Code Blue: The Other End of the Stethescope by Debra E. Blaine, MD; Warren Publishing; (c) 2019; ISBN 9781733-795579; 380 pages; $15.95.
SAN DIEGO –Dr. Tobi Lister works at an urgent care mill, where doctors are not supposed to spend more than 10 minutes with each patient — less if possible — and are graded by how many “likes” they get on Yelp-like medical reviews sent in by patients. The problem is that if they don’t spend sufficient time with their patients, the doctors are liable to get dinged; but if they do, wait times increase for other patients, resulting in even more dings.
Tobi shares her frustration with her colleagues about a medical practice — owned by a hedge fund, rather than by doctors — that puts profits well ahead of patients’ wellbeing. While we readers sympathize, we soon become alerted to the fact that the medical profession faces far greater dangers than that: the sharing of patient information with criminal elements, who use what should be confidential notes for the purposes of blackmail, extortion, and if necessary, murder.
What Dr. Lister doesn’t know is that her own life is in danger, not only because the manager of her clinic–and his superiors–may be corrupt, but also because her brother, whom she assumed had been long dead, is suspected of trying from afar to expose the corrupt practices in the medical profession. Russian assassins want him, and anyone with whom he might have shared his concerns–dead, very dead.
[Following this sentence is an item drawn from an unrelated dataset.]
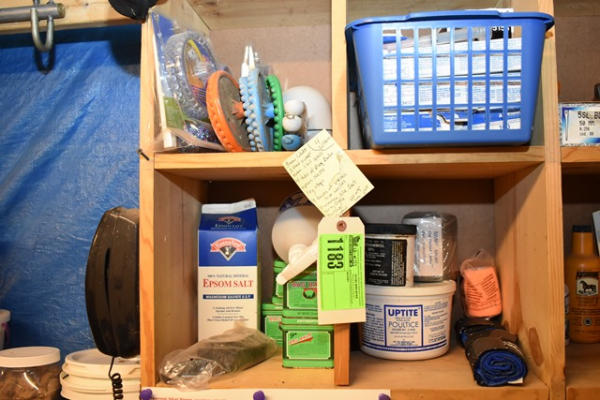 Contents of 4 cubbies including 3 new Likits, 3 feed scoops, extra Likit spools, 4 tubs of Bag Balm, Epson Salts, leg straps, 9 boxes of various size needles, Duramax ice boot, spray bottle, Ichthammol, vet wrap, and sam splints

Into the plot enters a man to whom Dr. Lister once almost had been engaged, before he mysteriously broke off their relationship and then disappeared.
I’ll not tell you how the suspense novel turns out, but one of its most hair-raising episodes occurs in the parking lot of Dr. Lister’s synagogue, which she attends faithfully on Friday nights.
This novel will keep you in suspense to its conclusion, all the while raising doubts in your mind about how well the doctors of your health care system are really taking care of you, and whether the politicians in Washington have reasons not to pay sufficient attention.